The FDA independently reviewed an open-label, multicenter, noncomparative phase II study that randomly assigned 167 recurrent glioblastoma multiforme (GBM) patients to receive bevacizumab alone or bevacizumab in combination with irinotecan, although only efficacy data from the bevacizumab monotherapy arm (n = 85) were used to support drug approval. According to the FDA analysis of this study, tumor responses were observed in 26% of patients treated with bevacizumab alone, and the median duration of response in these patients was 4.2 months. On the basis of this externally controlled trial, the incidence of adverse events associated with bevacizumab did not appear to be significantly increased in GBM patients. The FDA independently assessed another single-arm, single-institution trial in which 56 recurrent glioblastoma patients were treated with bevacizumab alone. Responses were observed in 20% of patients, and the median duration of response was 3.9 months.
Currently, however, no data are available from prospective, randomized controlled trials demonstrating improvement in health outcomes, such as disease-related symptoms or increased survival with the use of bevacizumab to treat glioblastoma. On the basis of these data and FDA approval, bevacizumab monotherapy has become standard therapy for recurrent glioblastoma.

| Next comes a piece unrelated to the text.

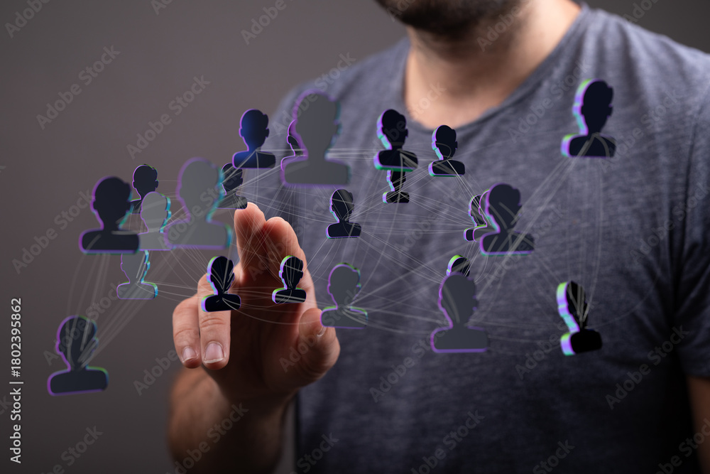 Close-up of a man's hand interacting with virtual connections representing a social network concept.

Systemic therapy (e.g., temozolomide, lomustine, or the combination of procarbazine, a nitrosourea, and vincristine in patients who have not previously received the drugs) has been used at the time of recurrence of primary malignant brain tumors. However, it has not been tested in controlled studies. Patient-selection factors likely play a strong role in determining outcomes, so the impact of therapy on survival is not clear.
Because there are no randomized trials, the role of repeat radiation after disease progression or the development of radiation-induced cancers is also ill defined. Interpretation is difficult because the literature is limited to small retrospective case series. The decision must be made carefully because of the risk of neurocognitive deficits and radiation necrosis.
Patients who have recurrent brain tumors are rarely curable and should be considered candidates for clinical trials when they have exhausted standard therapy. Information about ongoing clinical trials is available from the NCI Web site.